Aim of the task:
The lines from the one containing "ICCA, International Congress" through the final line of the listing below are what the answer must repeat, exactly and only, leaving pictures out.

Exercise data:
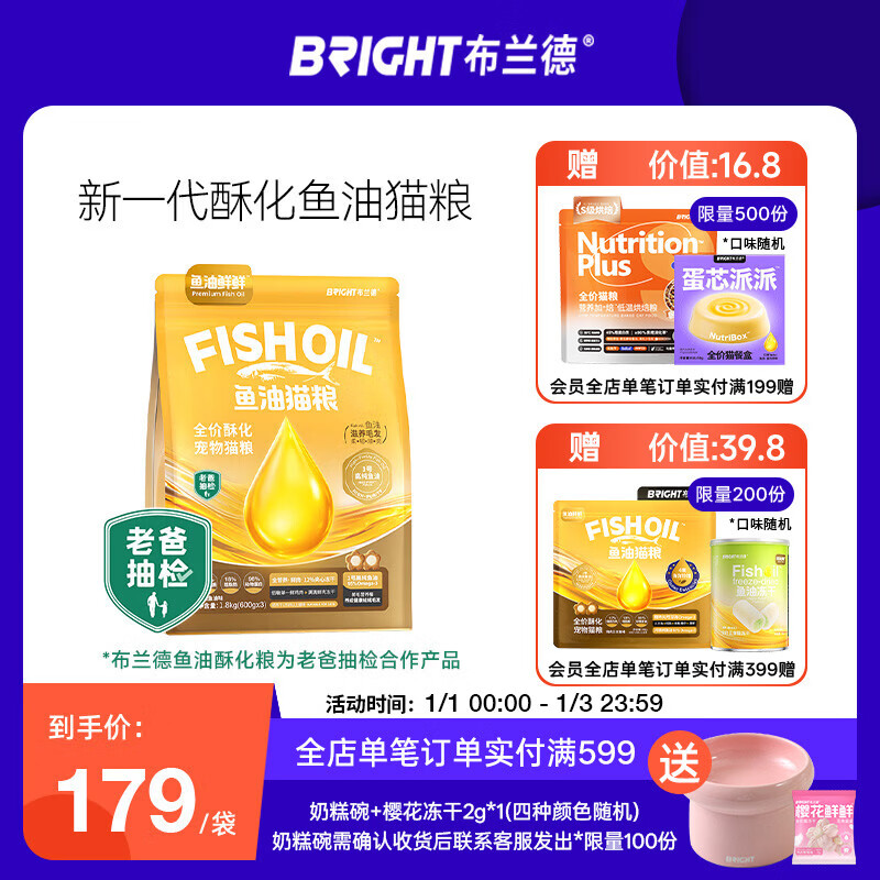 布兰德高纯鱼油猫粮美毛防掉毛适口护肠胃烘焙成幼猫粮鸡肉味1.8kg
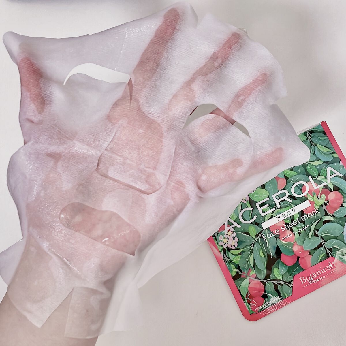 香りはアセロラの甘いいい香りがします。シートマスクは厚みがありかなりしっかりした質感なので密着感は少し弱めです。 さっぱりした使い心地でした。保湿してくれて軽い使用感ですが潤いのある肌になりました。 ふんわり香る甘いアセロラの香りはあまり残らないので使いやすかったです。
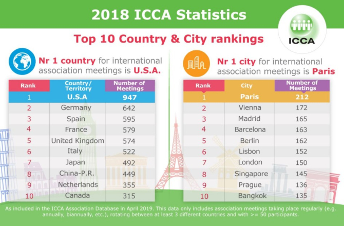 ICCA, International Congress and Convention Association, maakt jaarlijks een ranglijst aan de hand van zogeheten: 'rotating association meetings', die op regelmatige basis georganiseerd worden met meer dan 50 deelnemers.
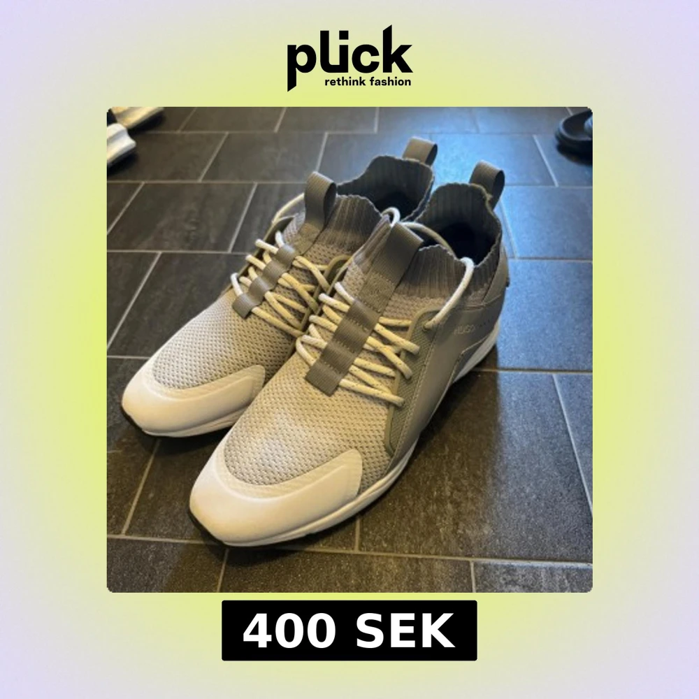 Snygga grå sneakers från Hugo med vit sula och stickad, ribbad kant runt ankeln. Ovandelen är i mesh och syntet, med tydlig logga bak och på sidan. Skorna har snörning och dragflikar både fram och bak för enkel påtagning. Perfekta för en clean och modern look.

Output below:
 ICCA, International Congress and Convention Association, maakt jaarlijks een ranglijst aan de hand van zogeheten: 'rotating association meetings', die op regelmatige basis georganiseerd worden met meer dan 50 deelnemers.
 Snygga grå sneakers från Hugo med vit sula och stickad, ribbad kant runt ankeln. Ovandelen är i mesh och syntet, med tydlig logga bak och på sidan. Skorna har snörning och dragflikar både fram och bak för enkel påtagning. Perfekta för en clean och modern look.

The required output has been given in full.